Our results suggest that the supply of betaine may sometimes be limiting. Low plasma betaine has been associated with an unfavourable risk profile in observational studies [14, 32], but conversely (in another observational study) high plasma betaine has been associated with an increased risk of vascular events [34]. Since betaine, a major osmolyte, is well-known to be a protein-stabilizing compatible solute [35] and its intracellular concentrations are orders of magnitude higher than those in circulation [3] it is unlikely that an increase in circulating betaine can cause damage, though it may indicate a pathological process, as is seen in animal models when betaine-homocysteine methyltransferase is absent or inhibited [24, 36]. Another possible pathological process is a failure of the tight control of betaine efflux from cells. Thus it is plausible that both high and low plasma betaine concentrations may reflect pathological processes. However, betaine supplementation can increase plasma betaine, lower plasma homocysteine, and is safe [3739]. Betaine intake can be also be increased by dietary choices [4, 5]. We suggest that urinary betaine excretion should be measured in patients with diabetes to identify those with excessive betaine loss.

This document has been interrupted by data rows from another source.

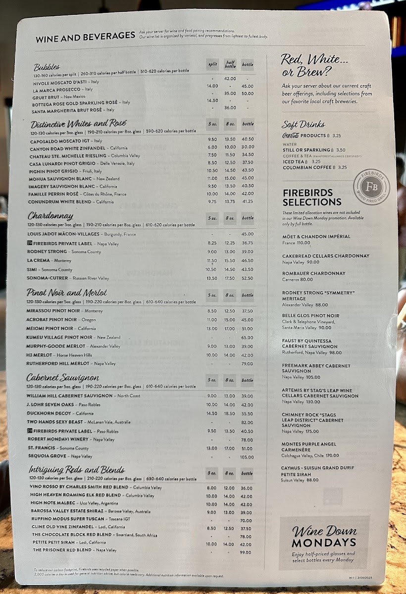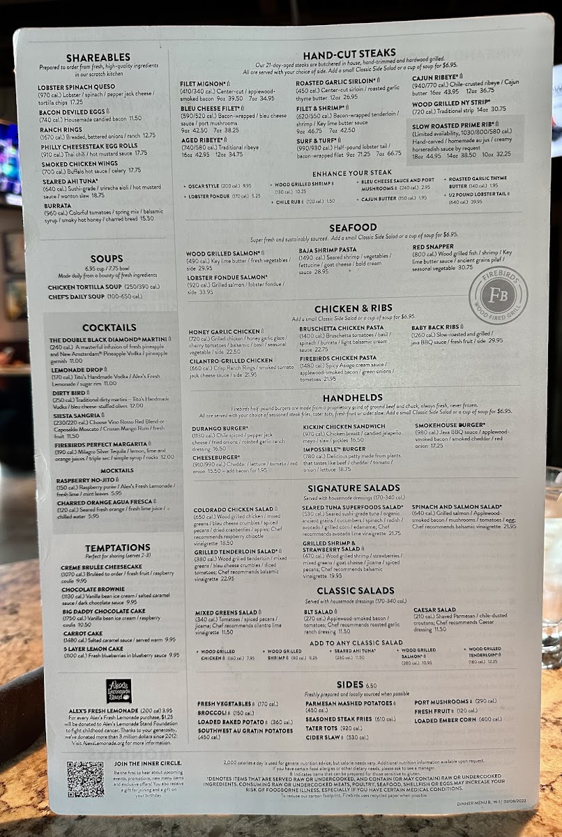 Introducing the menu at Firebirds Wood Fired Grill - Frederick, you can expect a delightful blend of flavor and skillful preparation. Located at 5201 Buckeystown Pike, Frederick, MD, this wood-fired grill specializes in a variety of mouthwatering options. Start with their smoked wings, available in plain or saucy buffalo, paired with refreshing celery and your choice of blue cheese or homemade ranch for just US$14.50. If you're craving a burger, don’t miss the Wood Grilled CheddarBurger or the Whiskey BBQ BaconBurger, both bursting with flavor and perfectly grilled on a toasted brioche bun. Complement your meal with crispy seasoned steak fries or tater tots, each priced at US$4.95. This restaurant promises outstanding service—guests rave about the friendly staff and the warm, inviting atmosphere, making it a must-visit destination for delicious grilled fare.
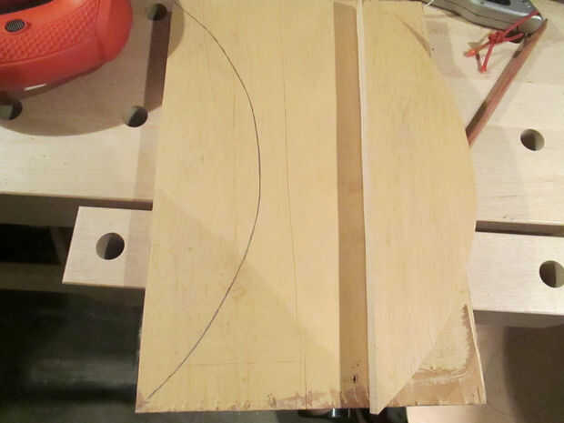 Yo corte dos rectángulos de la parte de desecho de la madera para las paredes laterales.
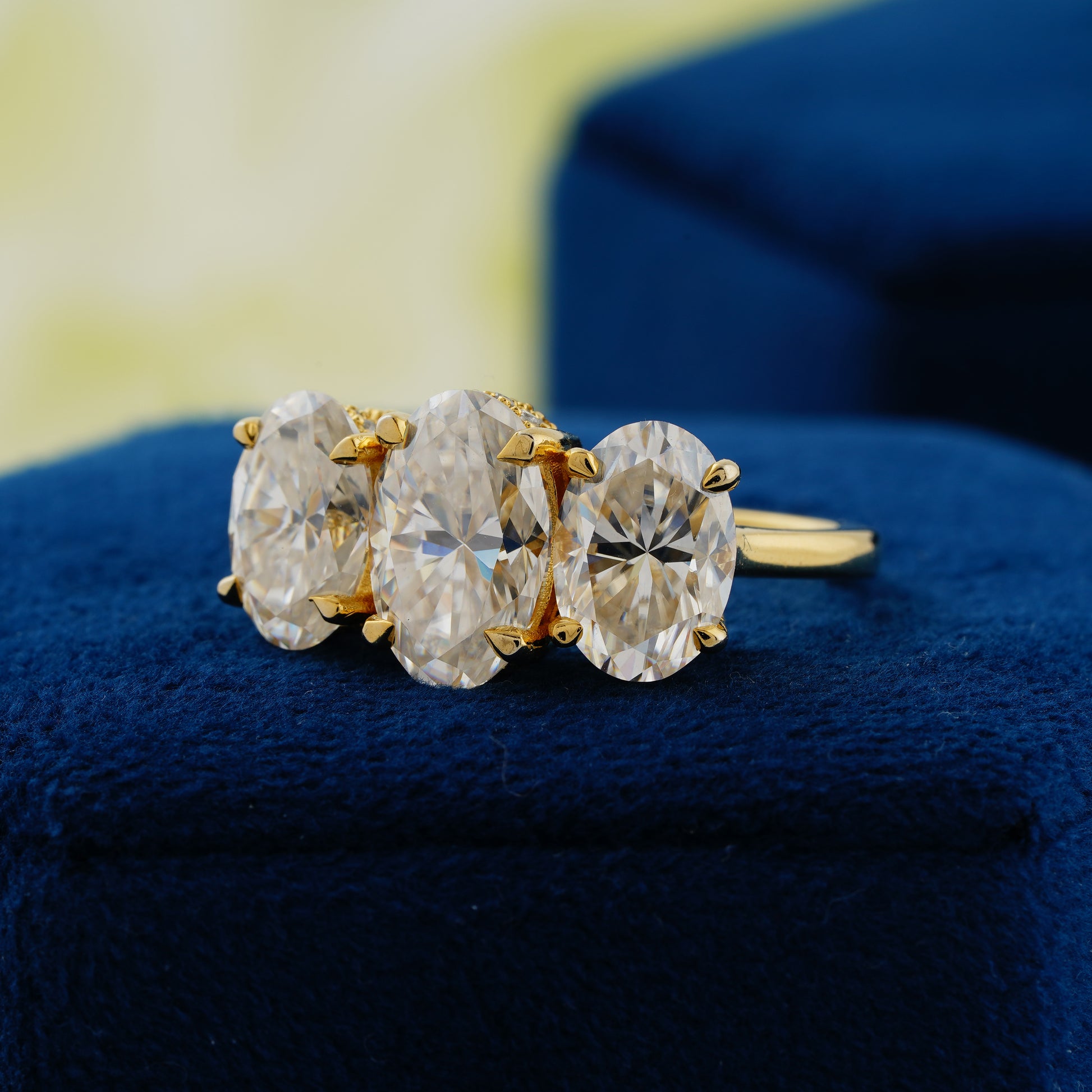 ✦ A symbol of eternal brilliance — this 2.35 CT Oval Cut Lab Grown Diamond Three-Stone Engagement Ring is a perfect harmony of elegance and radiance. The graceful center oval is enhanced by 3.65 CT of side diamonds, creating a stunning balance of fire and symmetry.
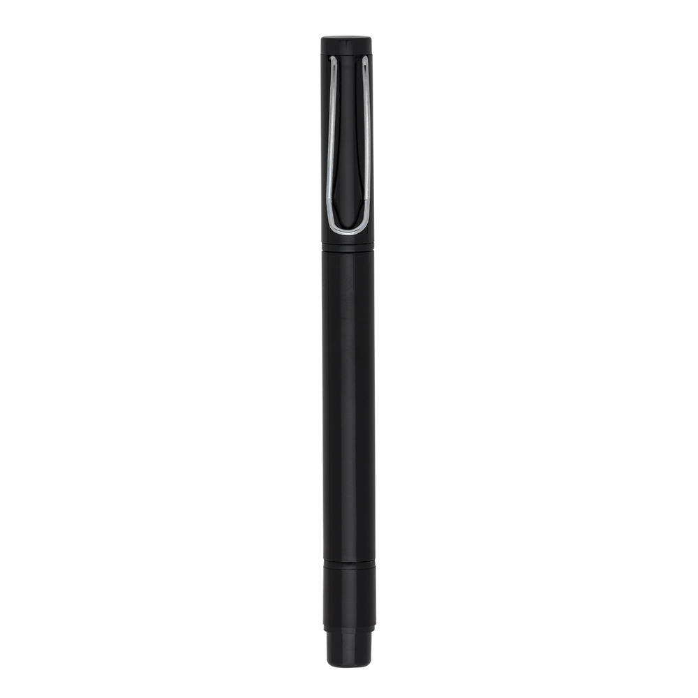 Caneta plástica com marca texto amarelo e carga esferográfica azul, ambas com tampas protetoras.

Such patients should be encouraged to increase their betaine intakes with high betaine foods such as whole wheat products [40, 41], spinach and beets [4, 5] or with betaine supplements.

Conclusions

In diabetes high and low plasma betaine concentrations are more common than in healthy subjects. Both high and low urinary betaine excretions are also more prevalent in diabetes, with the high excretions being associated with glucosuria. The availability of betaine affects the response in the methionine load test but it is not conclusively shown that this effect is more pronounced in diabetes. It would be interesting to investigate whether betaine supplementation of subjects with diabetes and abnormal betaine markers alters their risk of developing vascular disease.